Tuesday, April 9, 2013

I came, I saw

So today, yes today! I finally know, what I should do, where I should be, and what I want to be. After I always and always hard to make a decision about that. Once again, the universe never give you (me) a wrong signal. As I came today for interview for programming position on mnc, which later they direct me to creative or writer (that's the hardest instant decision for today). Then I choose writer. I love being in creative (as probably you know what I am) and so writer (no doubt :P), but sadly and frankly you know what is my background (in education), the two very different things. They asked to me about after effect, and I said I don't really sure can use that as a professional. Then I choose writer instead of creative. And surprise! when they gave me the paper I literary don't know to wrote, panic attack and brain freeze! I love writing, but that was different thing. In fact I'm not preparing myself as a script writer, and I think because of today i know the job description of script writer.
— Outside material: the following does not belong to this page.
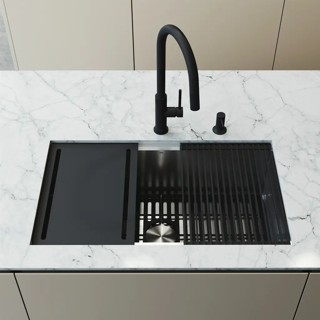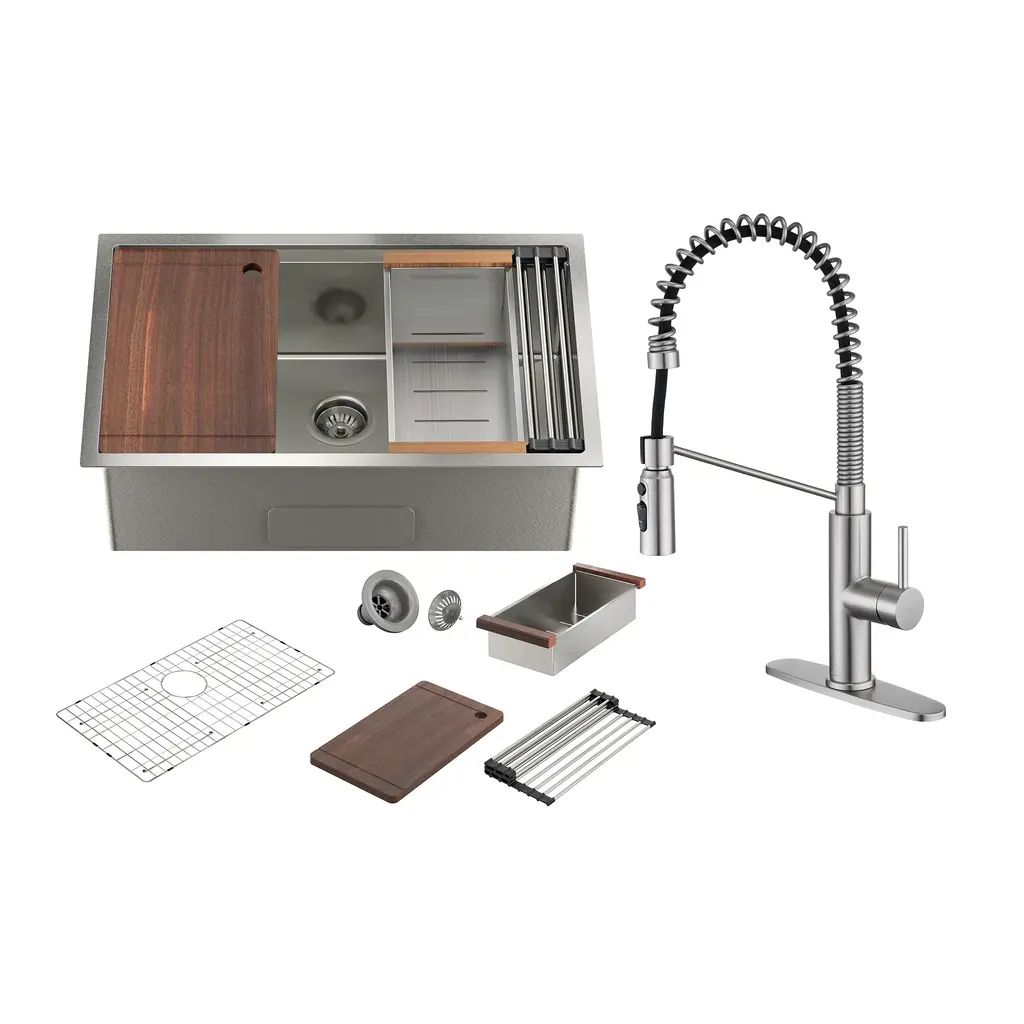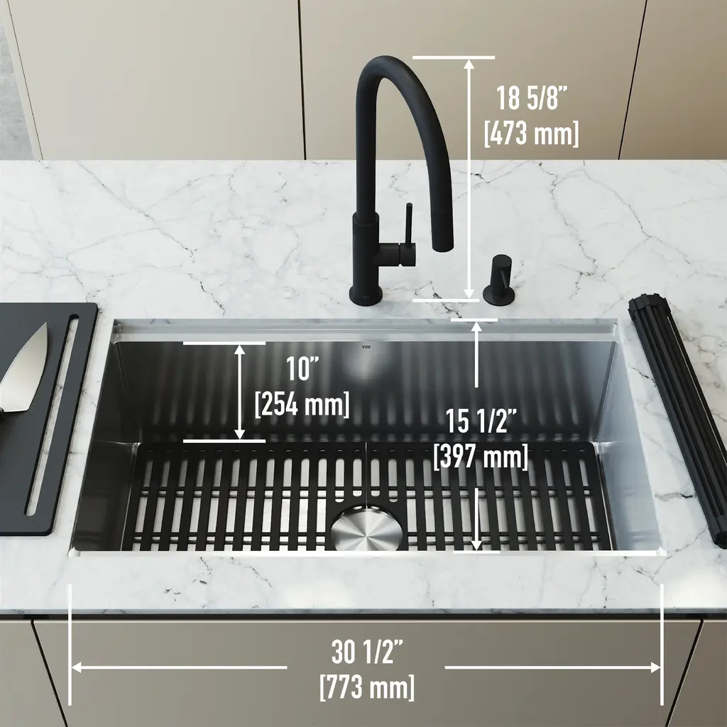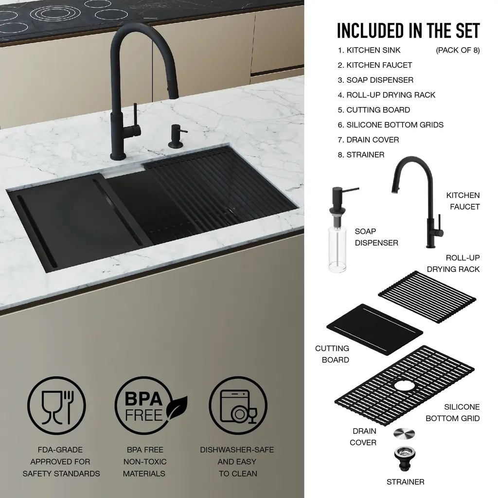 Transform your kitchen with the sleek functionality of the Mercer 33 in. Stainless Steel Undermount Kitchen Sink paired with the Bristol Dual-Action Single-Handle Pull-Down Sprayer Faucet and matching Soap Dispenser. Crafted from premium stainless steel, this set brings bold design, exceptional durability, and versatile performance into one complete package. The Bristol faucet features dual-action functionality, allowing effortless switching between a strong spray for heavy-duty cleaning and a soft stream for everyday use. Its pull-down sprayer offers extended reach, while the single-handle design ensures smooth water control. Built for lasting beauty, the matte black finish resists fingerprints, water spots, and scratches, keeping your kitchen looking polished with minimal effort. The Mercer sink offers a generous workspace in a sleek undermount design, providing a seamless transition from countertop to basin. Included accessories - a silicone sink grid, rolling dry rack, drain cover, strainer, and cutting board - add even more convenience and functionality, making everyday tasks simpler and more organized. Designed for the modern kitchen, the Mercer and Bristol set combines style, strength, and smart performance - a perfect centerpiece built to last.Features: Measurements: Details: Certifications&Warranty:

Poor me!  
Then I have dinner with my friend today after interview because he work on the same company, then I told to him about what happen on me today. The very unexpected thing in a good way. He works on production department and he said to me about the "there's no me time", then he said that's a good choice for me. I don't wanna people judge me from what education I took before, and today for the first time I really feel they don't judge me from that. As I wrote about this a long time ago...my friend said to me:

"talenta kan ga semua orang punya. dan gue mau bertanggung jawab sama yang udah di kasih Allah"
So, about today... I came, I saw. And I waiting for the victory. Today is an unexpected gift for me, like when you got your favourite docmart, or whatever fabulous. About today, whatever the result, I should be thankful. To make my mind clear. I came, I saw, and always try to reach the victory.